Krannich Solar. The fully ballasted K2 mounting system for flat roofs available from Krannich Solar is typically configured for array tilt angles of 10°, 15° or 20°. Higher tilt angles are an option if the roof will support the load. The basic design is a mounting triangle that sits atop flat rails that contain the required ballast materials. Few tools are required for assembly. The hardware provided, such as T-head bolts, simplifies installation.

PanelClaw. The Polar Bear is the first commercial flat roof mounting system available from PanelClaw. The Panel- Claw hardware, from which the company takes its name, grabs the inside of the module frame at four corners. Modules tilt up in the support base for easy installation and maintenance. This system utilizes a nonrail based architecture with a low component count. A rear wind deflector is utilized. The Polar Bear racking system is acceptable for wind exposure categories B, C, and, upon request, D. It is compatible with EPDM, TPM, PVC and tar and gravel roofs. A roof connector option is available for minimally attached designs. The array tilt varies depending upon module width, but a 10° to 15° range is typical.

Schuco. The SolarEZ Flatroof Mounting System is a ballasted commercial racking system from Schuco. It will accommodate five array tilt angles ranging from 7.5° to 37.5°. The system is designed to accommodate snow loads up to 30 pounds per square foot. It can also accommodate wind speeds up to 120 mph. The system can be designed for exposure categories B, C or D. The installation manual explains how to calculate ballast requirements. Structural attachment to the roof can also be accommodated.

Schletter. The FR-Windsafe is the ballasted or minimally attached commercial flat roof racking system available from Schletter. The system includes a rear deflector to minimize wind uplift loads. A variety of attachment options are available, depending upon roof type. The configuration tools previously mentioned help with array layout and schematic drawings.

SunLink Corporation. The SunLink commercial flat roof mounting system is a non- or minimal-penetrating system that utilizes a unique panelized architecture. Once installed, these panels of modules tilt up, making array wiring or roof access and maintenance easier.
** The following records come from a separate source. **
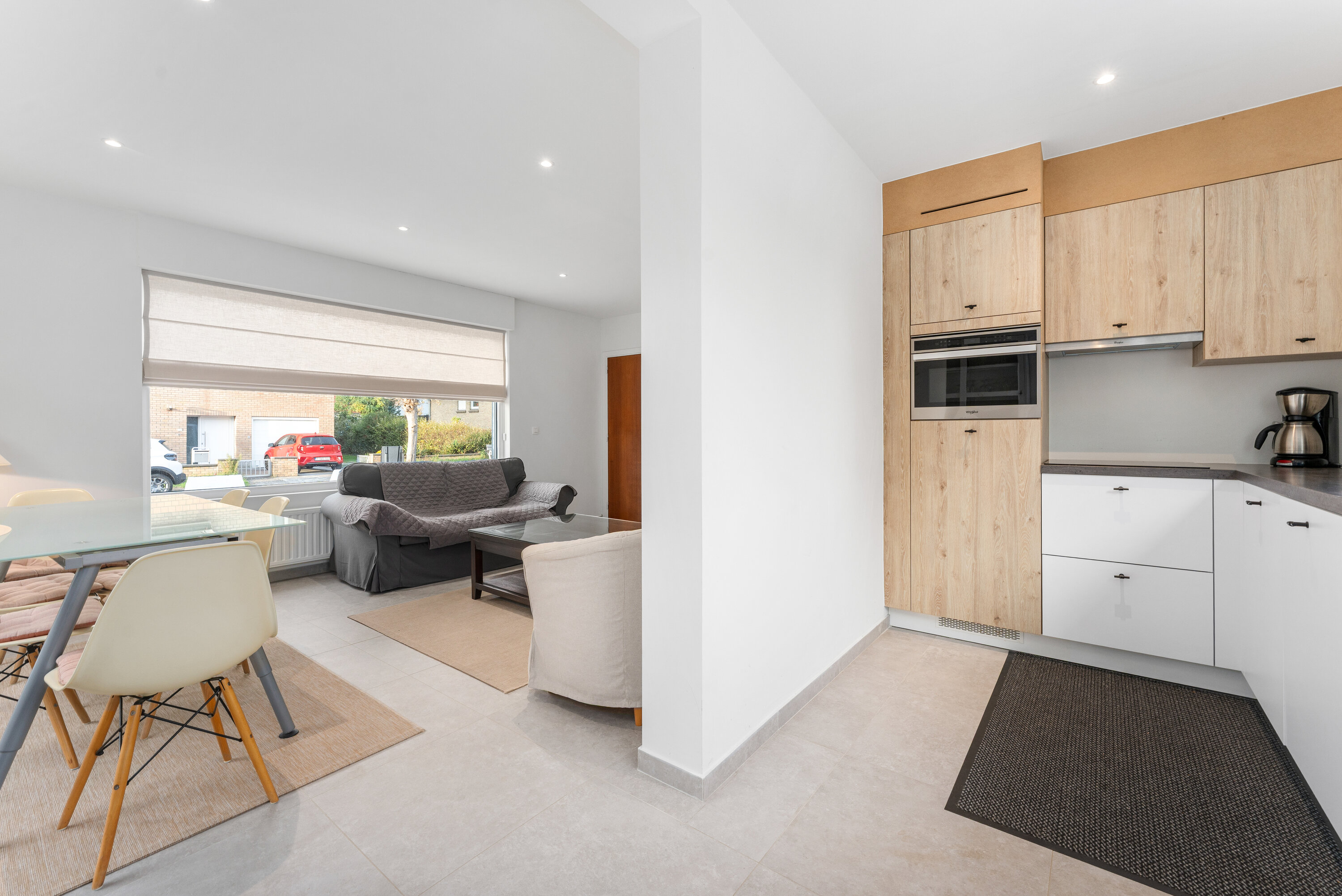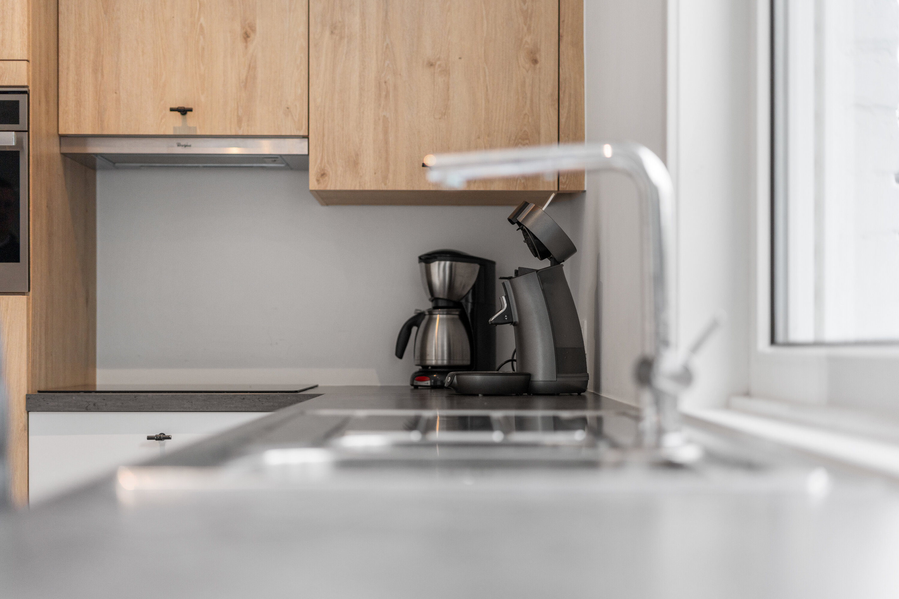 - Keuken : Microgolfoven met grillfunctie, Afzuigkap, Vaatwasmachine, Kookplaat inductie, Koelkast zonder diepvriesvak, Waterkoker, Broodrooster, Mixer, Koffiezetapparaat met pads, Koffiezetapparaat met filter
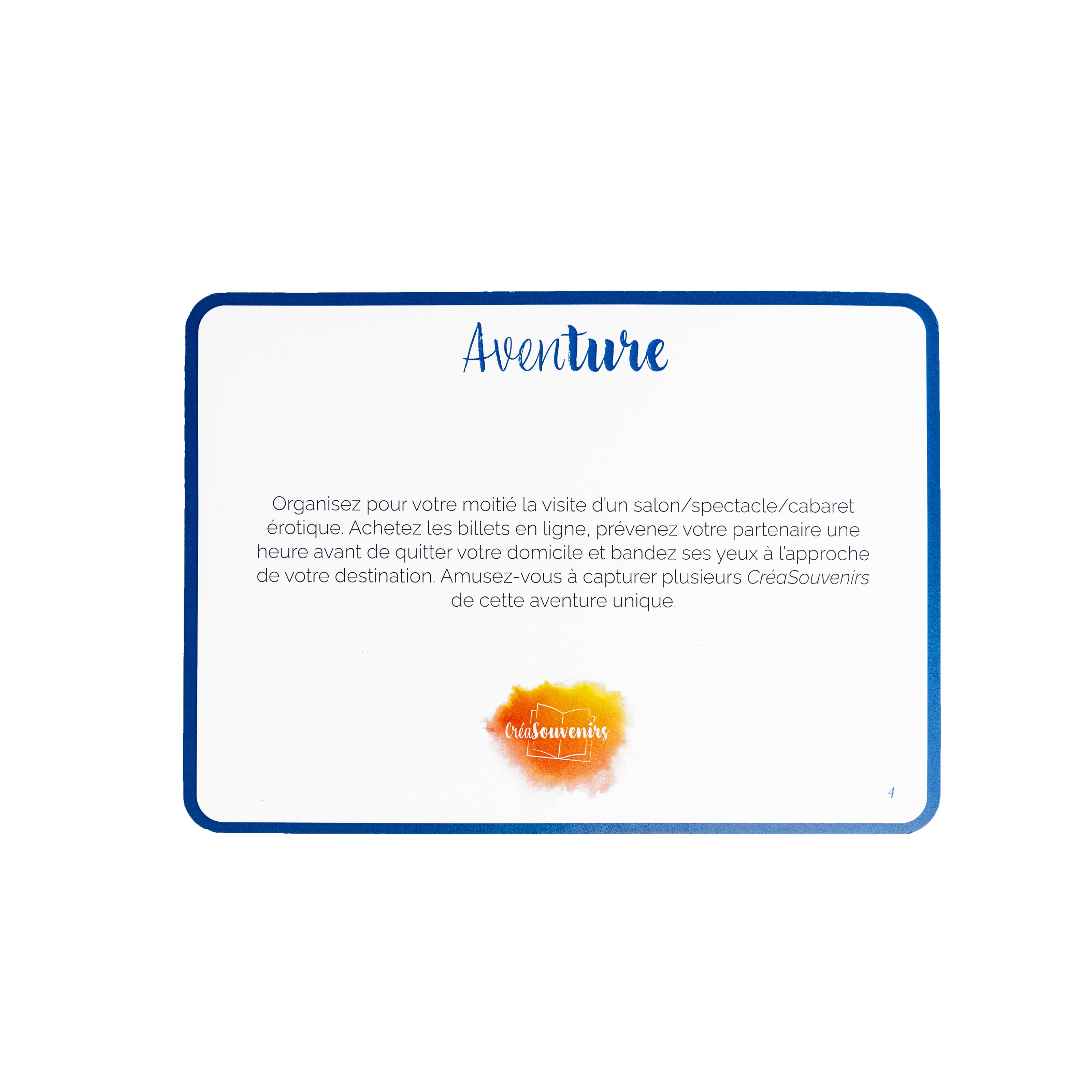 Avec plus de 90 idées inspirantes, réparties en 5 catégories (Aventure, Cocooning, Surprise sensuelle, Romance et P’tites vites), vous vivrez une panoplie d’émotions et de découvertes ; parfois drôles, parfois touchantes, mais toujours complices.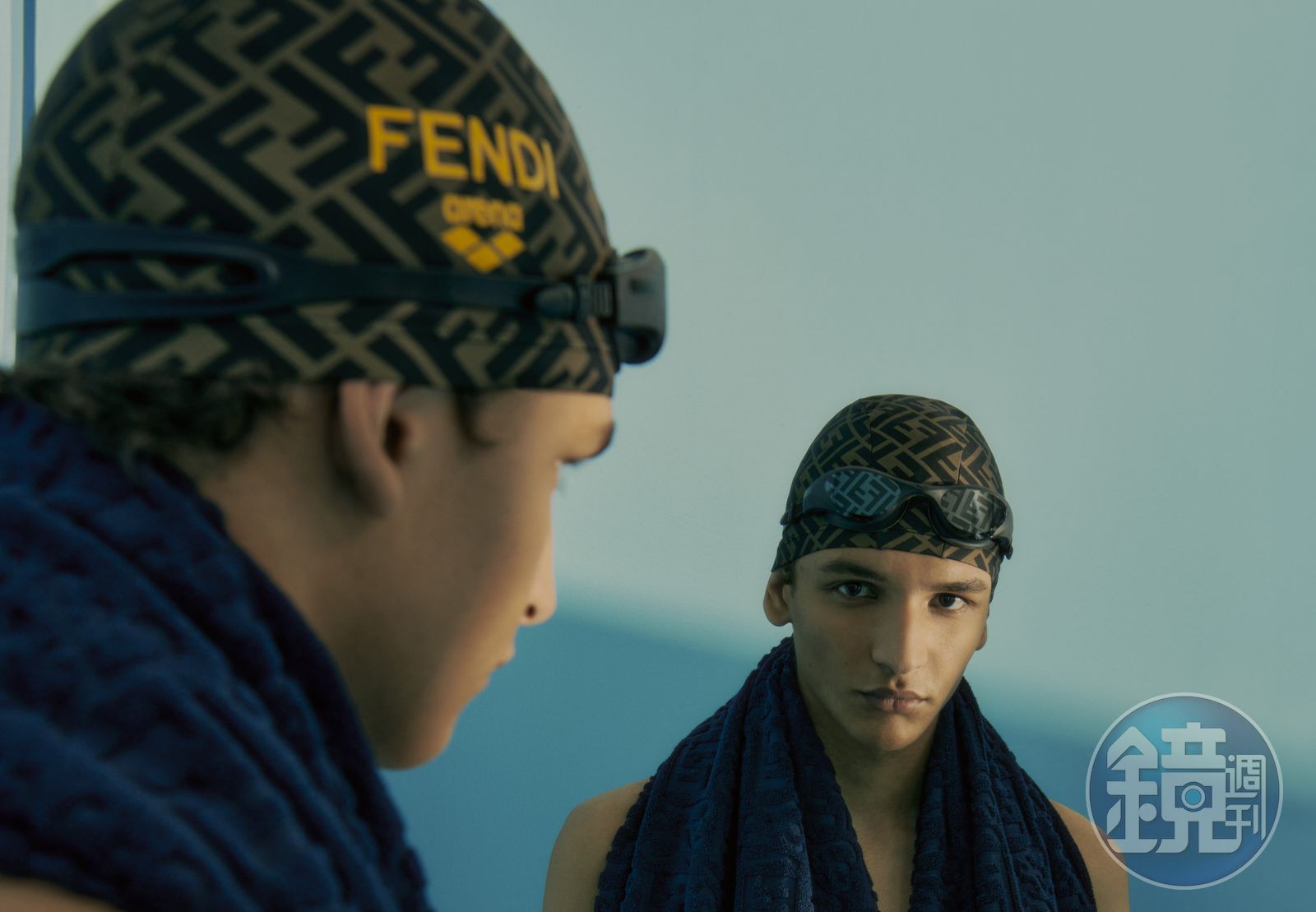 FENDI x arena限量版泳帽和蛙鏡,是在FENDI 2022春夏男裝秀場上亮相的新合作。(FENDI提供)發布時間:2022.01.10 14:41 臺北時間
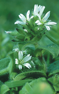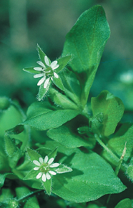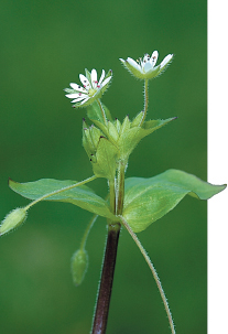 Annual of disturbed ground. Sometimes prostrate. Stems hairy in lines on alternate sides between leaf nodes. FLOWERS White, 5-petalled, 5–10mm across; 3–8 stamens (Jan–Dec). FRUITS Capsules on long, drooping stalks. LEAVES Oval, fresh green and opposite; upper ones unstalked. STATUS Widespread and common.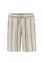 These linen blend drawstring shorts feature a relaxed tailored fit with a natural base and contrasting navy stripes for a refined coastal look.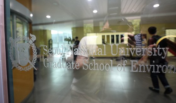 압수수색을 벌이고 있는 서울 관악구 서울대 환경대학원 행정실 앞. [뉴스1] |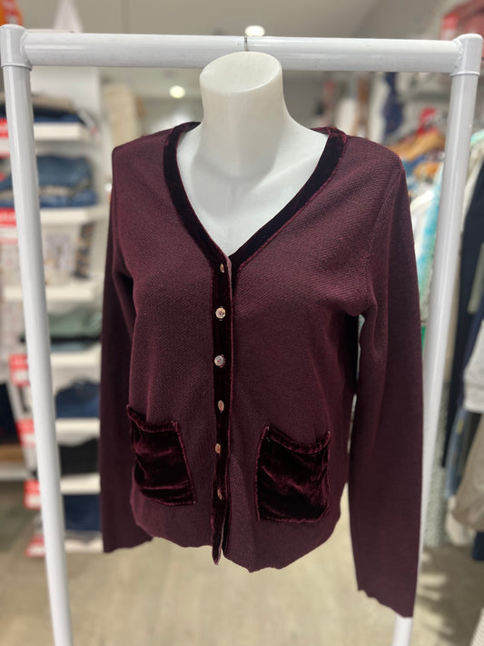 Cut Loose Crop Cardigan with Velvet Trim
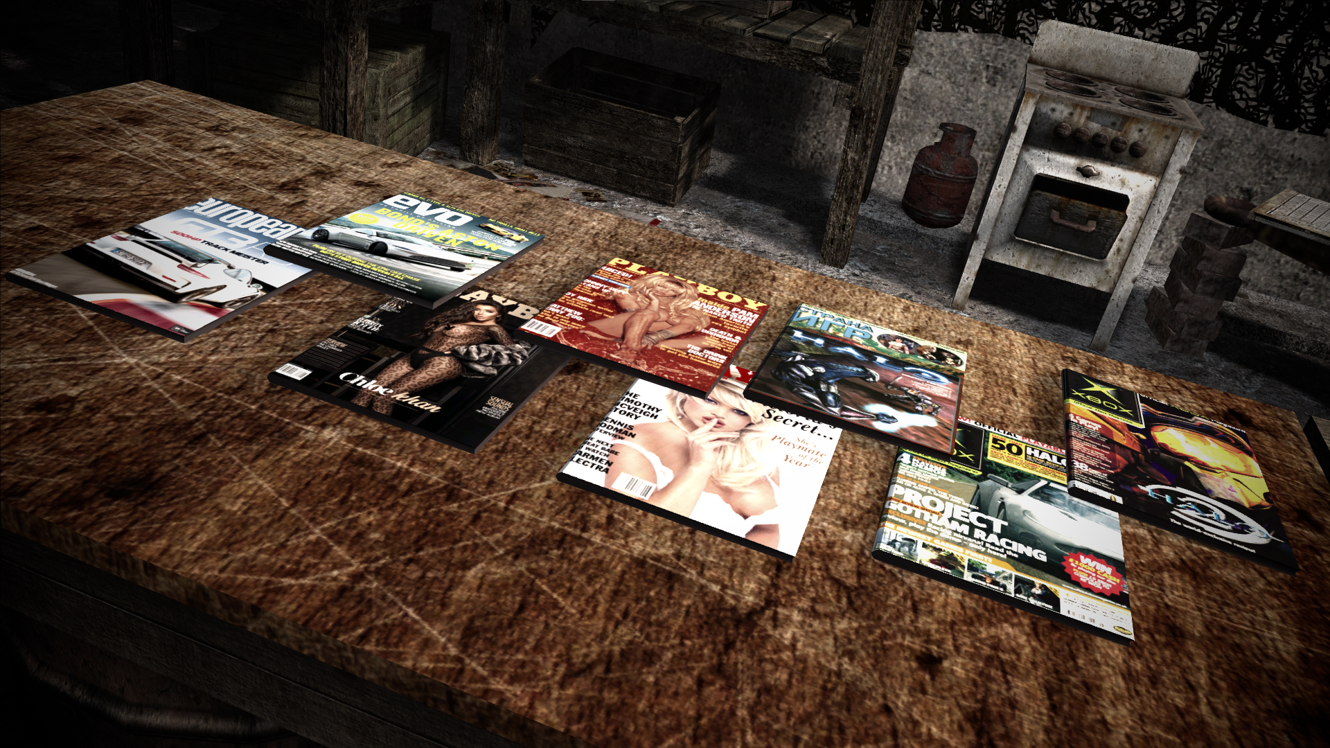 • New items : - Added 3 *men* magazines : PLAYBOY magazines with Chloe Khan, Nicole Whitehead and Carrie Stevens; - Added 2 video game magazines : Xbox : The Official Magazine March 2002 and December 2004 editions; • Other additions : - Added the ability to read magazines. So far, all 5 new magazines are readable; • Bug fixes : - Fixed addon removal script not deleting some items; - Various small fixes & tweaks.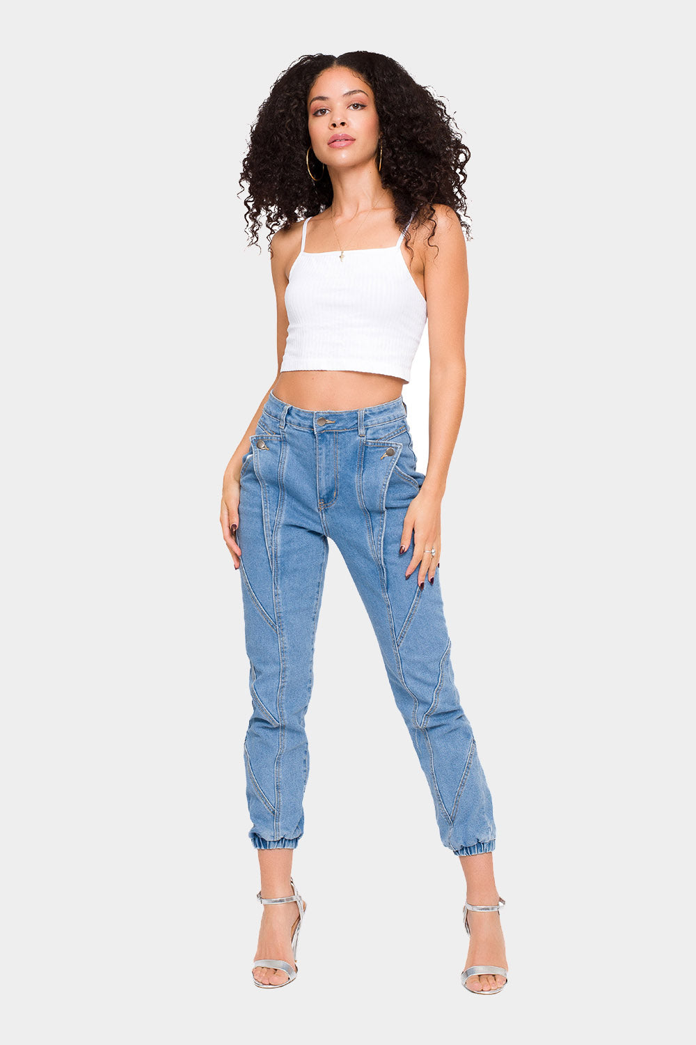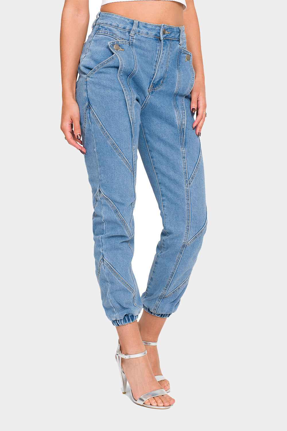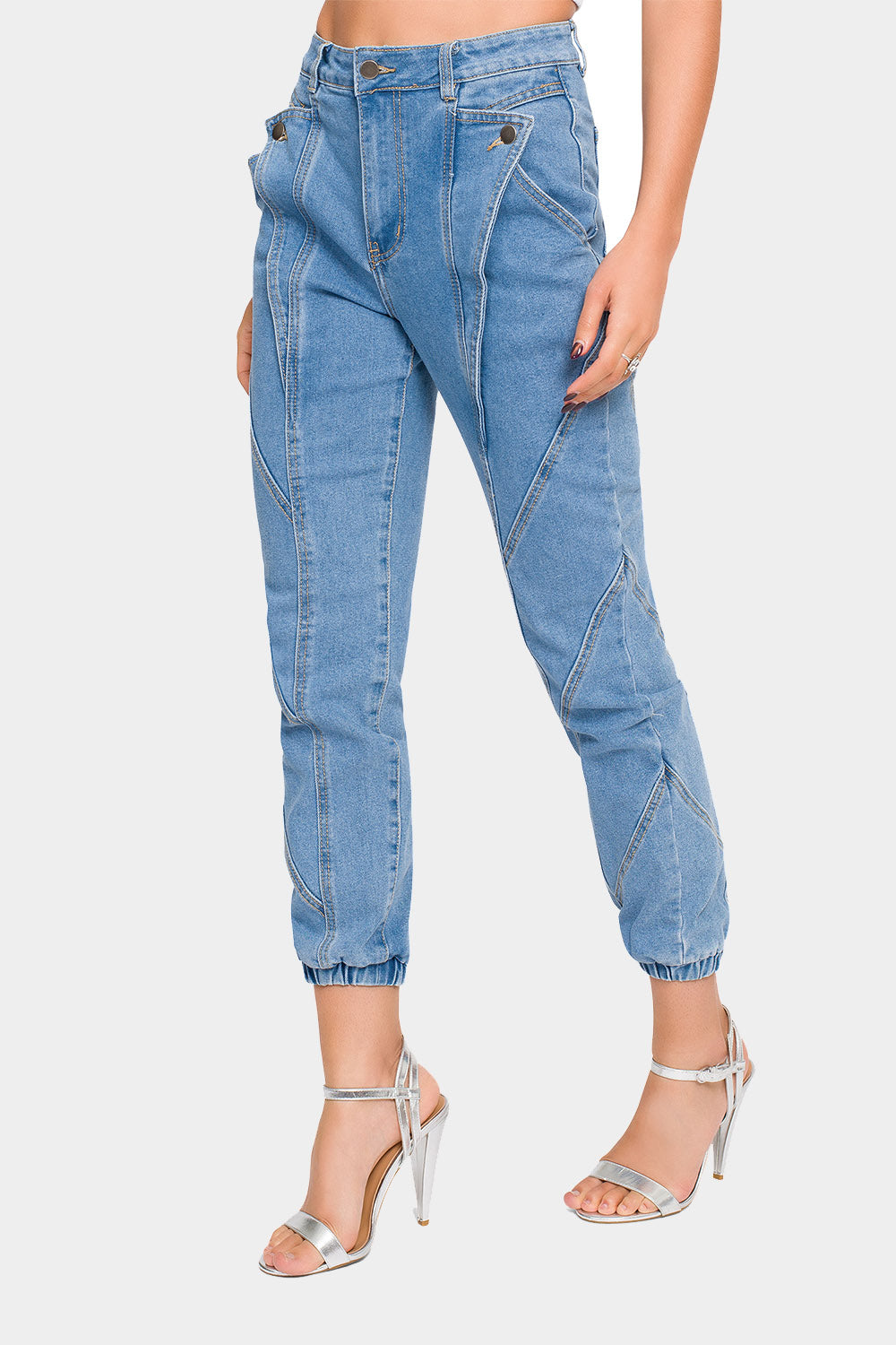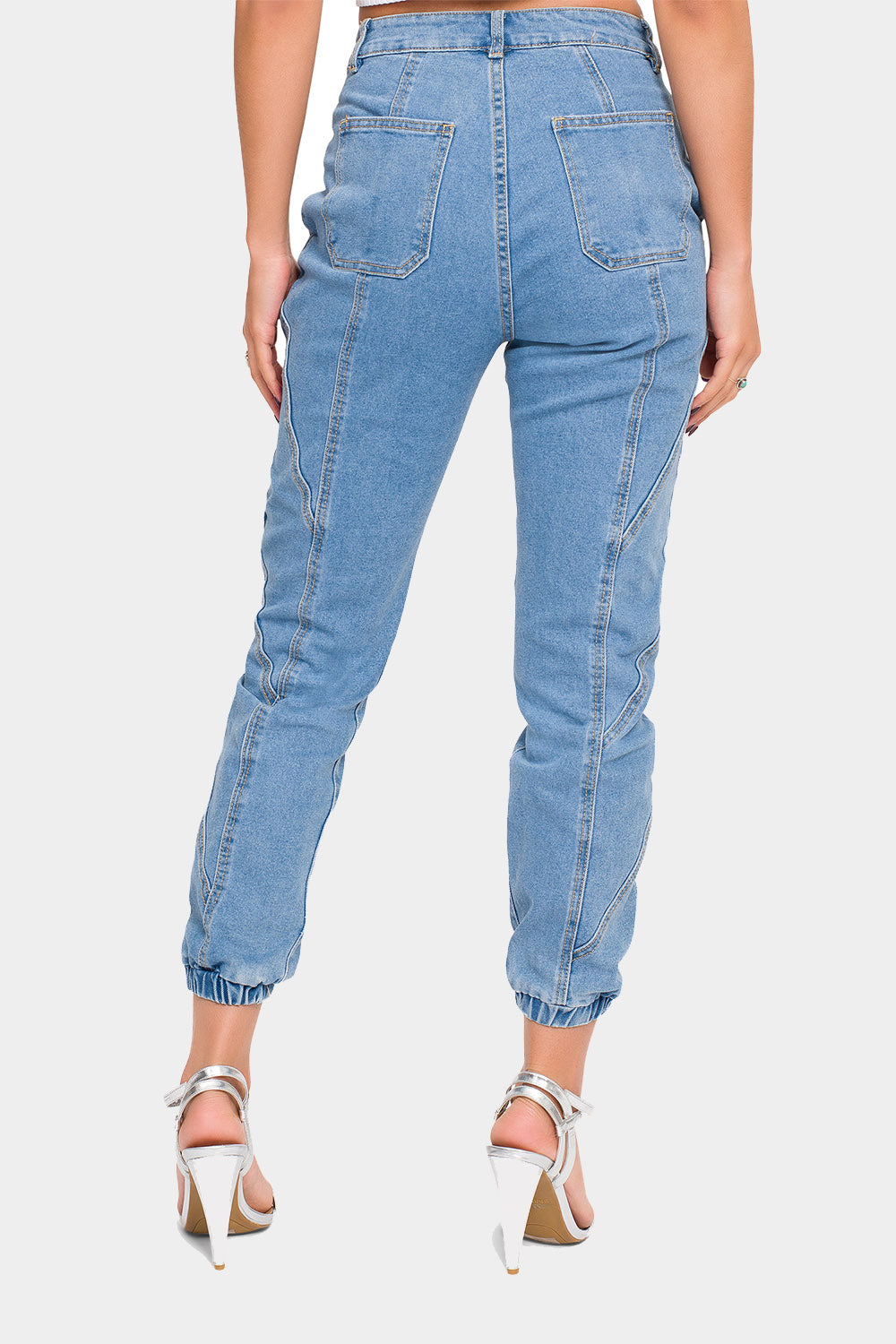 High Rise Detail Sewing Denim Joggers

Flashable posts with a stainless steel clamp arm are used for making mechanical attachments. Wind deflectors are installed on the north end of the array. Array tilt angles of 5°, 10°, 15° or 20° are possible. Design support and as-built documents are provided by the manufacturer, as is a 15-year standard product warranty.

UniRac. The RapidRac G10 from UniRac is a low parts count, ballasted mounting system for commercial flat roofs. The product uses a fixed array tilt angle of 10°. It offers integrated WEEB grounding and supports the use of PV laminates. Support includes an online estimator and configuration tool. Code compliance documentation is included with the installation manual. With many RapidFoot attachments, the RapidRac G10 can be installed as light as 2 pounds per square foot; it can also be installed as a fully ballasted, zero penetration system with a higher roof loading.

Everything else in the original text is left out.